A timely ethnography of how Indonesia’s coastal dwellers inhabit the “chronic present” of a slow-motion natural disaster

Ice caps are melting, seas are rising, and densely populated cities worldwide are threatened by floodwaters, especially in Southeast Asia. Building on Borrowed Time is a timely and powerful ethnography of how people in Semarang, Indonesia, on the north coast of Java, are dealing with this global warming–driven existential challenge. In addition to antiflooding infrastructure breaking down, vast areas of cities like Semarang and Jakarta are rapidly sinking, affecting the very foundations of urban life: toxic water oozes through the floors of houses, bridges are submerged, traffic is interrupted. 

As Lukas Ley shows, the residents of Semarang are constantly engaged in maintaining their homes and streets, trying to live through a slow-motion disaster shaped by the interacting temporalities of infrastructural failure, ecological deterioration, and urban development.
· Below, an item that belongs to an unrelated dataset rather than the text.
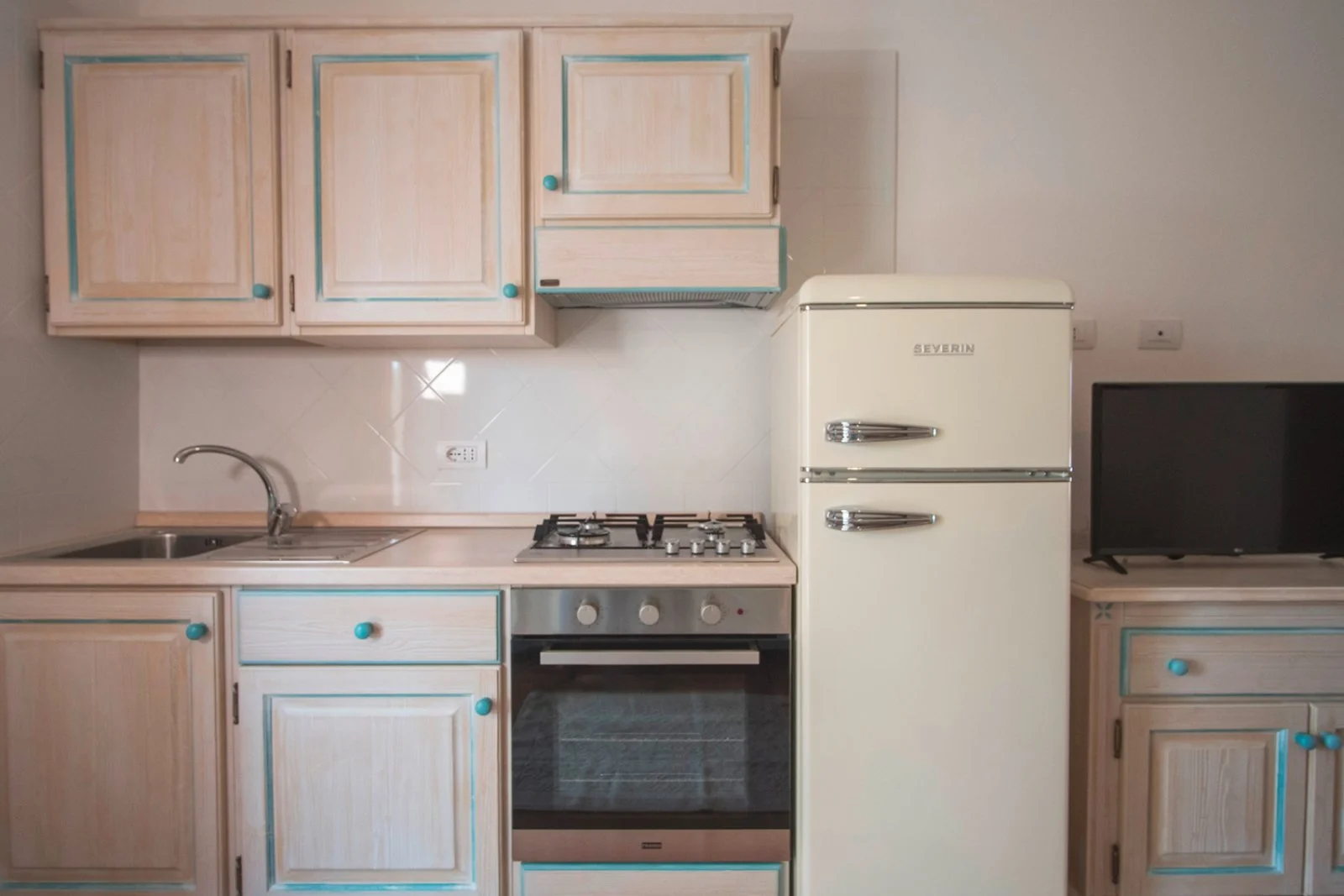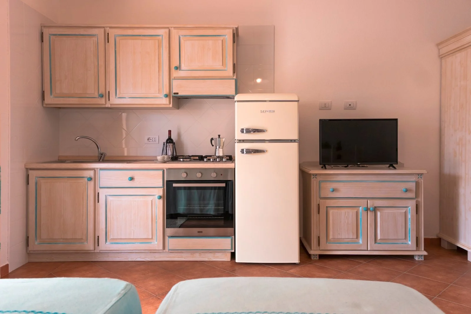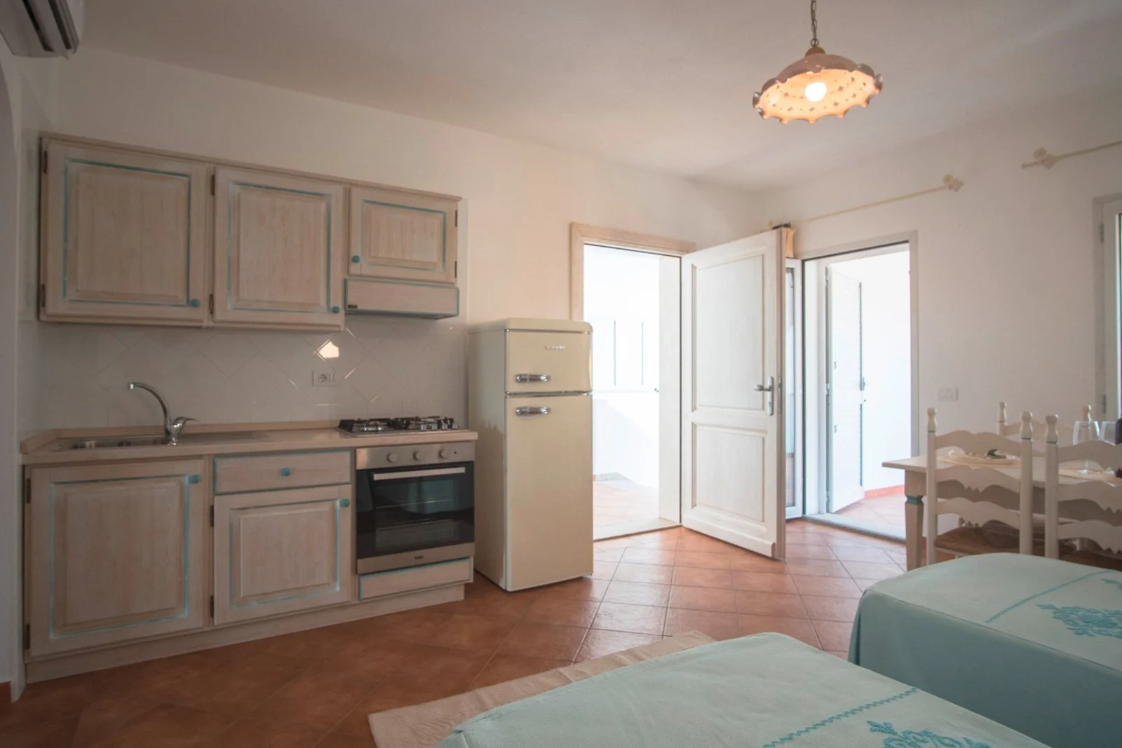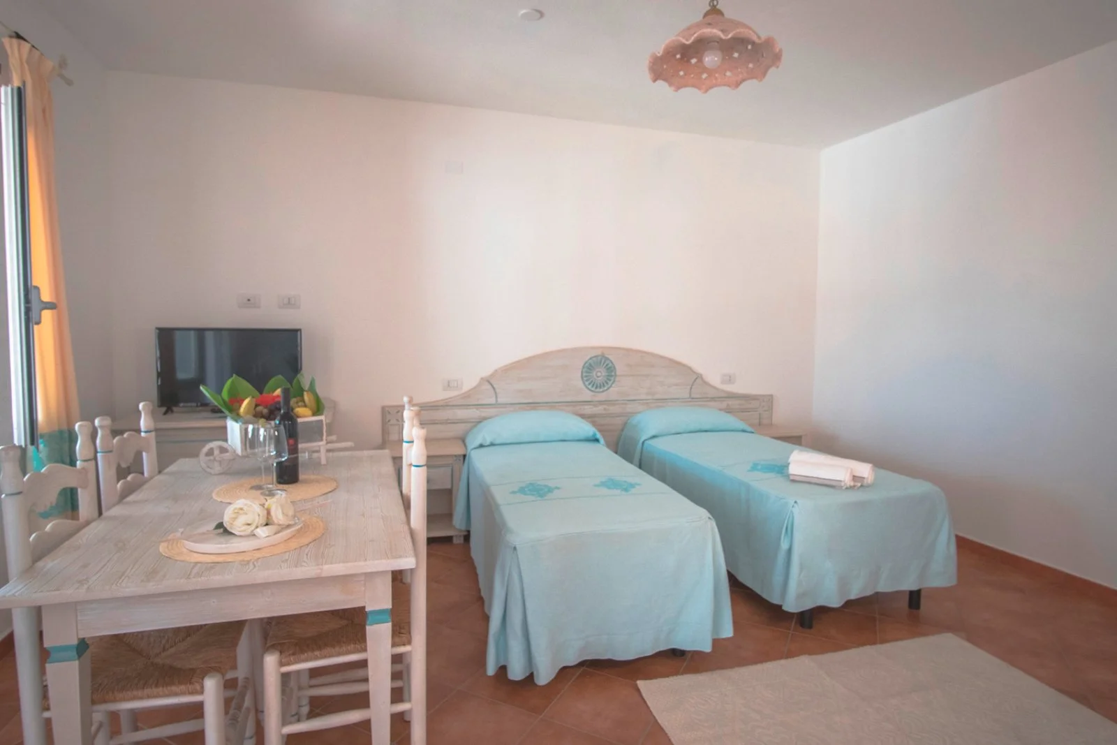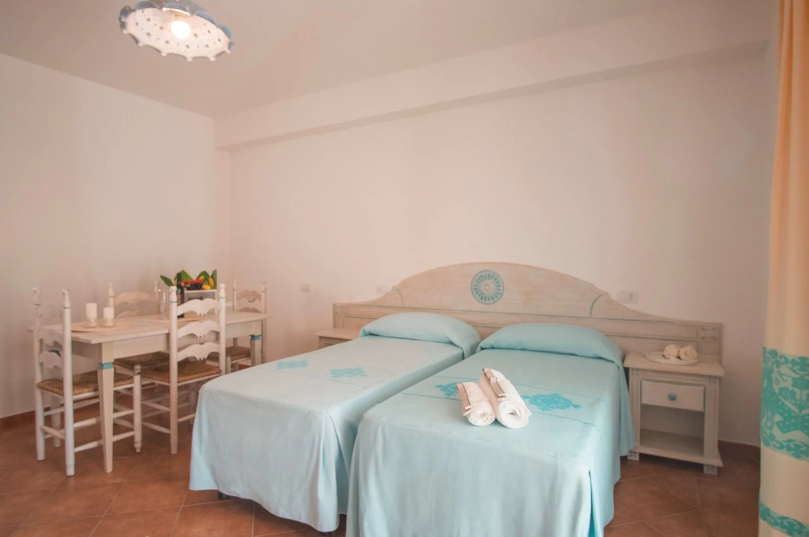 Tutti gli appartamenti sono climatizzati e arredati in tipico stile sardo, disposti su due piani (terra e primo piano) e dispongono di ingresso indipendente con balcone o patio coperto e attrezzato. Sono dotati di angolo cottura attrezzato, servizi privati e asciugacapelli, lavatrice, tv, aria condizionata, wi-fi (ad uso parziale). Si dividono in bilocale 4 e 5 posti letto con soggiorno con 2 letti singoli unibili, camera matrimoniale (letti separabili) e 1 letto singolo.

He casts this predicament through the temporal lens of a “meantime,” a managerial response that means a constant enduring of the present rather than progress toward a better future—a “chronic present.” 

Building on Borrowed Time takes us to a place where a flood crisis has already arrived—where everyday residents are not waiting for the effects of climate change but are in fact already living with it—and shows that life in coastal Southeast Asia is defined not by the temporality of climate science but by the lived experience of tidal flooding.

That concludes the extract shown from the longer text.